Globe Trot: French unity march masks divisions over terror response
FRANCE: More than 1.5 million people marched in Paris yesterday, including at least four heads of state—President François Hollande of France, Chancellor Angela Merkel of Germany, Prime Minister David Cameron of Britain, Prime Minister Benjamin Netanyahu of Israel, and Mahmoud Abbas, president of the Palestinian Authority. They marched in a show of unity against terrorism that masks deep divisions and anxiety over how to stop future attacks.
The attacks in Paris over four days killed 17, including hostages taken Friday plus the dozen killed at the offices of satirical newspaper Charlie Hebdo. Security forces killed all three attackers Friday, but a video of gunman Amedy Coulibaly shows him giving allegiance to the Islamic State. Growing evidence suggests the killers also had ties to al-Qaeda in Yemen.
France deployed 10,000 troops today to protect Jewish and other sites across the country. The killing of four French Jews in last week’s hostage standoff at a Paris kosher market has deepened the fears among Europe’s Jewish communities, which already face rising anti-Semitism. One of the hostages who hid inside a freezer at the kosher market for five hours during the hostage-taking, said he would move his family of four children to Israel.
NIGERIA: Nine days after a Boko Haram massacre in Baga near Lake Chad—that may have killed 2,000—authorities are still unable to assess the site. Baga, local government officials say, is simply no more. It’s “virtually non-existent,” Musa Alhaji Bukar, a senior government official in the area, told the BBC. And The Washington Post states, “It’s hard to find contemporary precedent for the delight Boko Haram takes in killing.”
NEW YORK: Calling his actions “barbaric,” Judge Katherine Forres sentenced Abu Hamza al-Masri to life in prison on Friday for terrorist activities, including a plot to kidnap and kill Western tourists in Yemen and a plan to set up a terrorist training camp in Oregon.

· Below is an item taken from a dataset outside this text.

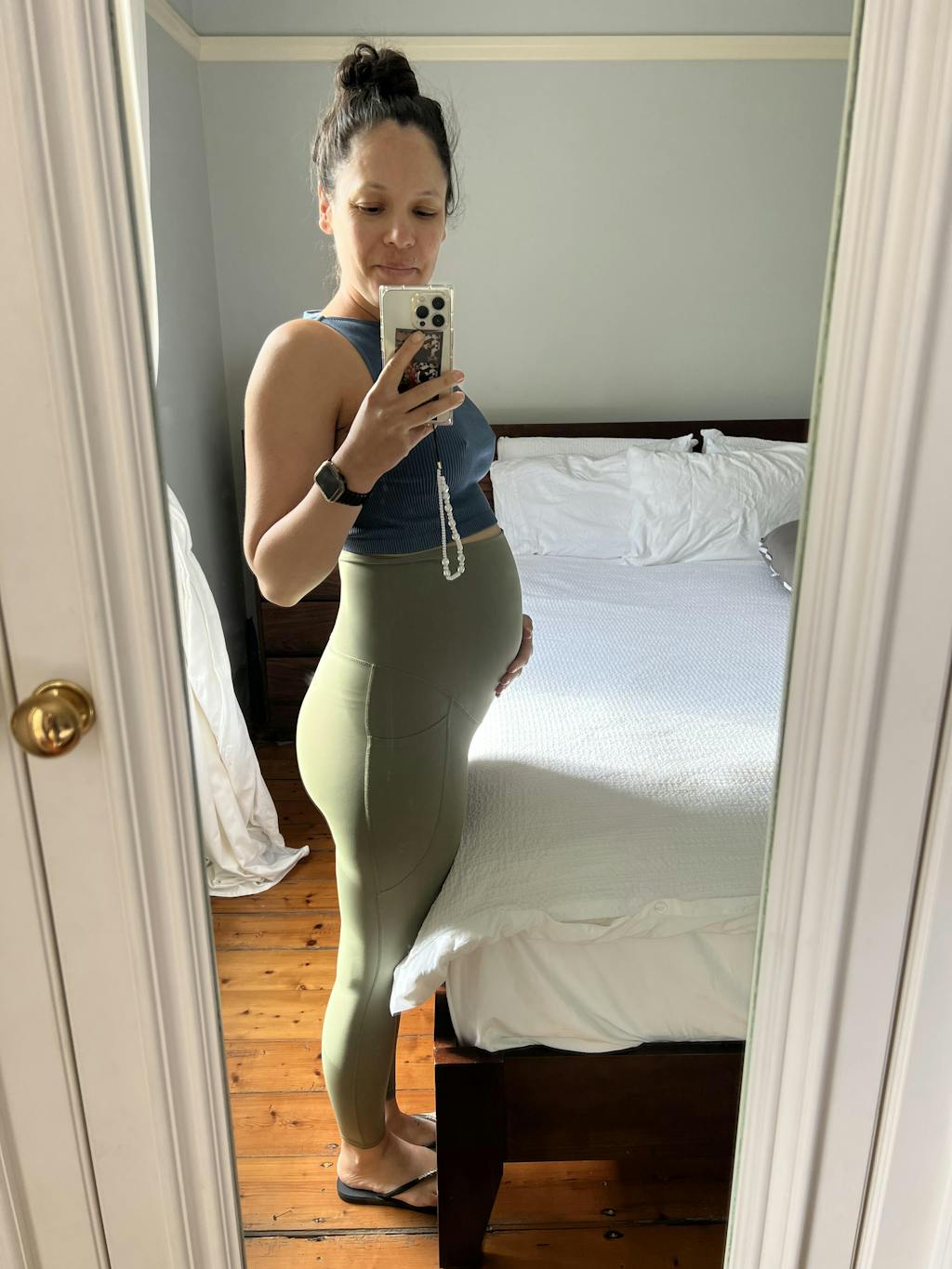 PROS: it’s soft feeling and repels pet hair, lint etc…it also doesn’t have a crotch lining which is awesome! I love pockets too on every pair of athleisure tights I wear for my phone, keys, AirPods.

HAITI: On this fifth anniversary of Haiti’s devastating earthquake, where has its $10 billion in global aid gone? “Nobody can claim that money has been squandered only by Haitians,” writes former Haitian ambassador to the U.S. Raymond Joseph. Two-thirds of USAID contracts for Haiti, went to “Beltway-based firms, while just 1.5 percent has gone to Haitian companies,” he said. In 2010, I profiled Joseph and his remarkable journey to Moody Bible Institute and back to Haiti.
CUBA has completed the release of 53 political prisoners as part of last month’s agreement to normalize relations with the United States.